Exercise requirements
For the entries that appear below, write out the exact text and omit the pictures.

(Data entries)

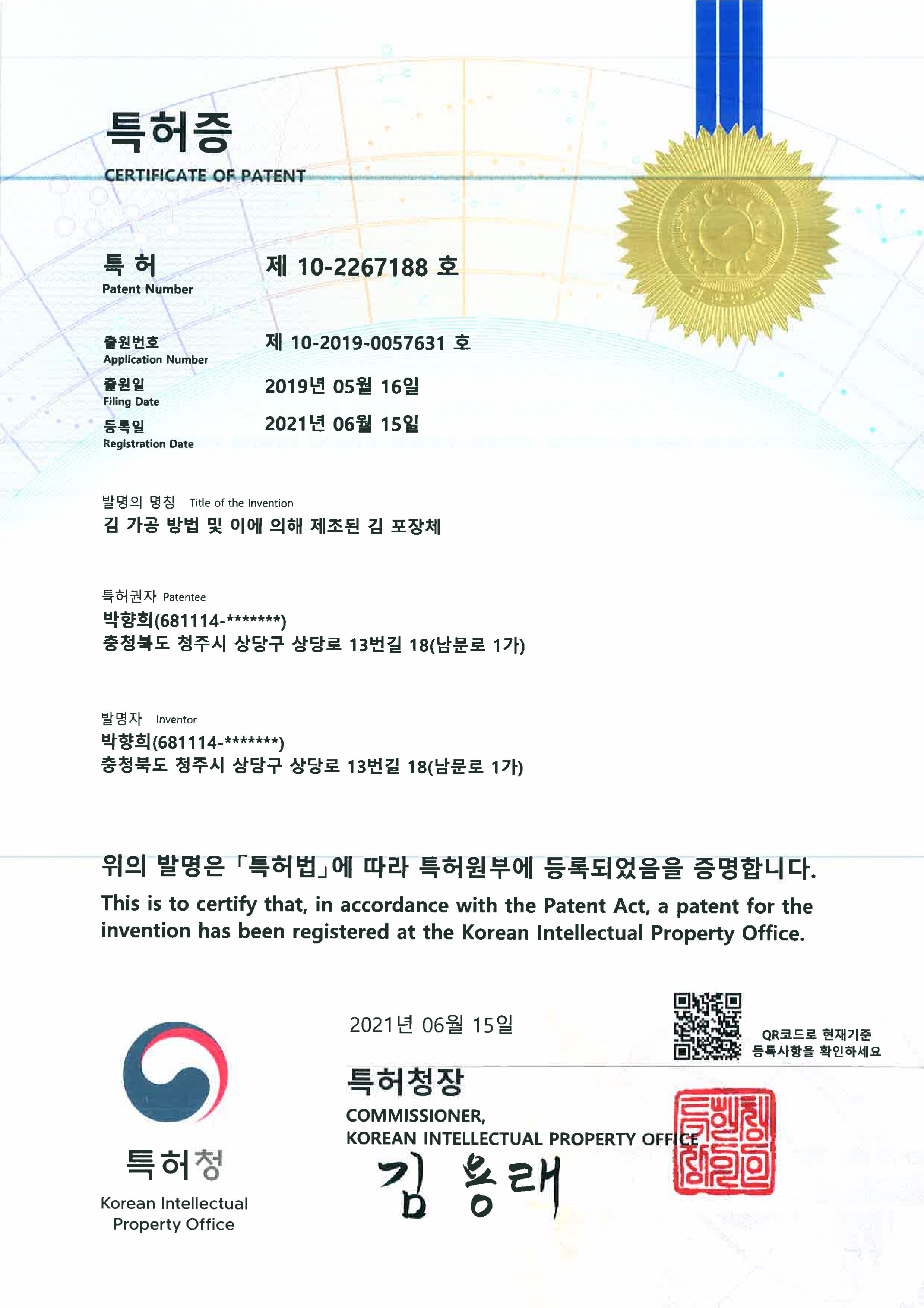 - [Patenturkunde] Verarbeitungsmethode für Gim und daraus hergestellte Verpackungseinheiten
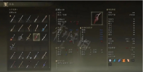 據說搭配慈悲短劍好用。逆刺本身有著還不錯的面板的同時,有著大額的出血,戰技也是特殊戰技,可以連續釋放的高傷害高出血斬擊。是一把很不錯的打出血的武器,處決倍率110屬於附贈品也很好了,弱出血的BOSS且攻擊頻率高的,可以用這個,推薦
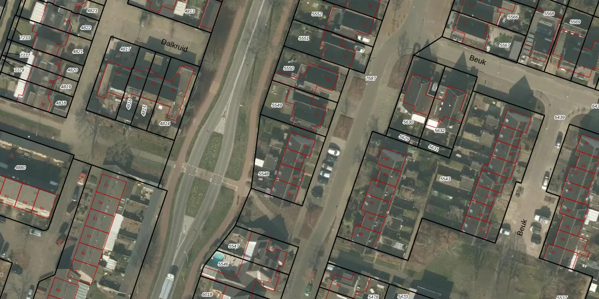 Het perceel waarop het adres ligt is MLO01-F-5548. De afkorting 'MLO01' staat voor kadastrale gemeente Mierlo. Het perceel is kleiner dan gemiddeld in Mierlo. Het perceel is 503 m² groot, terwijl het gemiddelde ligt op 3053,93 m². Het grootste perceel in de kadastrale gemeente is 1,20 km². Het kleinste perceel heeft een oppervlakte van 0 m². Op het perceel zijn 4 adressen aanwezig. De huidige grenzen van het perceel zijn digitaal in de Basisregistratie Kadaster (BRK) geregistreerd op 13-12-2011.
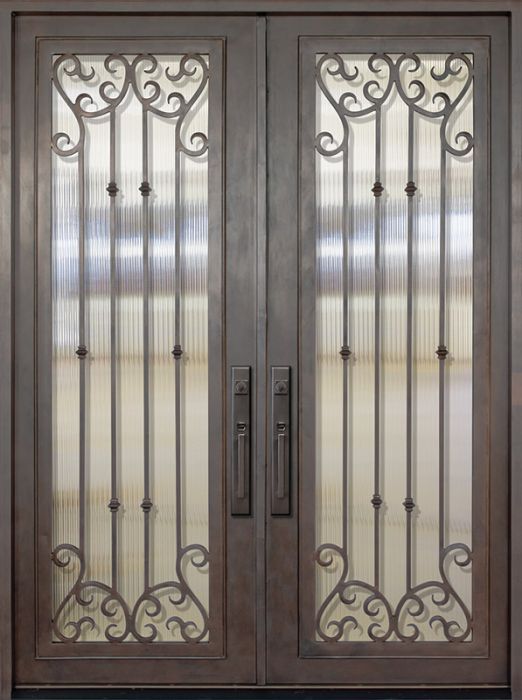 WDMA 72x96 Door (6ft by 8ft) Exterior 96in Valencia Full Lite Double Wrought Iron Entry Door
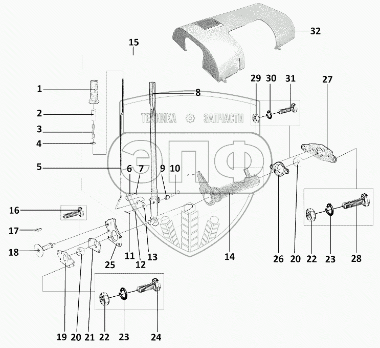 | 17 | 15-142753-А | Упор рычага управления правый | Нет на складе | |
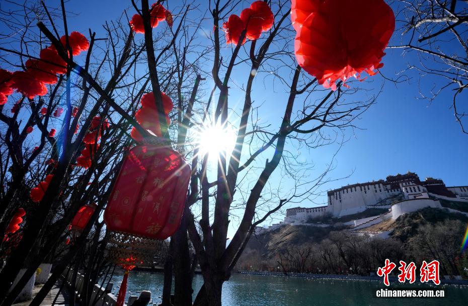 2月3日,西藏拉萨布达拉宫脚下的宗角禄康公园,红灯笼装点节日氛围。随着春节、藏历新年的临近,拉萨城区大街小巷被精心装点,年味愈发浓郁。中新社记者 李林 摄
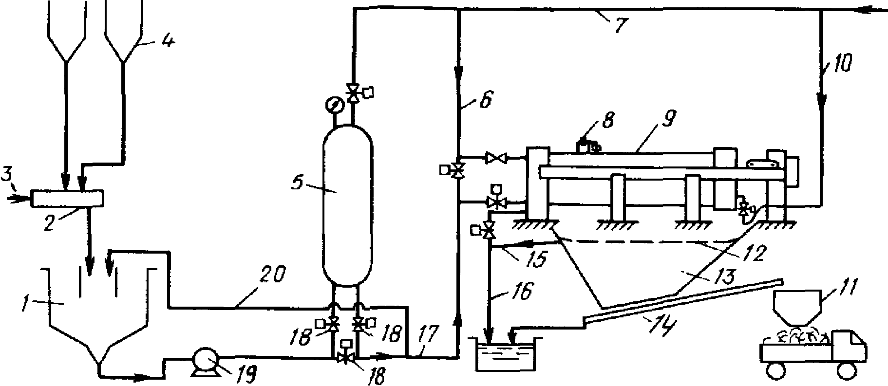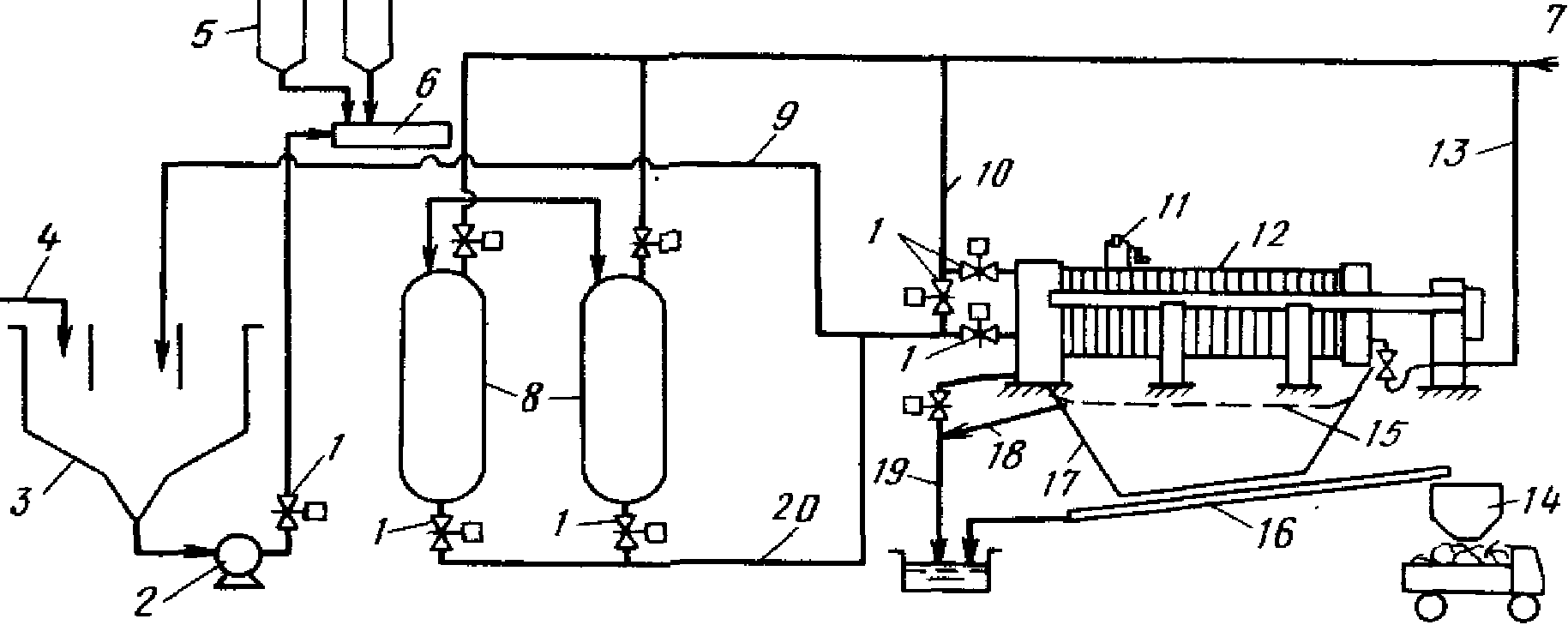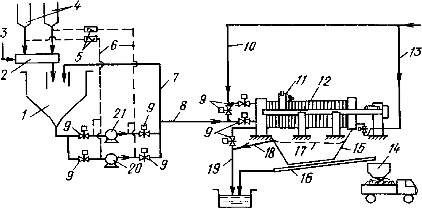 фильтр-пресса; 18 - промывная вода; 19 - фильтрат;

Written response
 - [Patenturkunde] Verarbeitungsmethode für Gim und daraus hergestellte Verpackungseinheiten
 據說搭配慈悲短劍好用。逆刺本身有著還不錯的面板的同時,有著大額的出血,戰技也是特殊戰技,可以連續釋放的高傷害高出血斬擊。是一把很不錯的打出血的武器,處決倍率110屬於附贈品也很好了,弱出血的BOSS且攻擊頻率高的,可以用這個,推薦
 Het perceel waarop het adres ligt is MLO01-F-5548. De afkorting 'MLO01' staat voor kadastrale gemeente Mierlo. Het perceel is kleiner dan gemiddeld in Mierlo. Het perceel is 503 m² groot, terwijl het gemiddelde ligt op 3053,93 m². Het grootste perceel in de kadastrale gemeente is 1,20 km². Het kleinste perceel heeft een oppervlakte van 0 m². Op het perceel zijn 4 adressen aanwezig. De huidige grenzen van het perceel zijn digitaal in de Basisregistratie Kadaster (BRK) geregistreerd op 13-12-2011.
 WDMA 72x96 Door (6ft by 8ft) Exterior 96in Valencia Full Lite Double Wrought Iron Entry Door
 | 17 | 15-142753-А | Упор рычага управления правый | Нет на складе | |
 2月3日,西藏拉萨布达拉宫脚下的宗角禄康公园,红灯笼装点节日氛围。随着春节、藏历新年的临近,拉萨城区大街小巷被精心装点,年味愈发浓郁。中新社记者 李林 摄
 фильтр-пресса; 18 - промывная вода; 19 - фильтрат;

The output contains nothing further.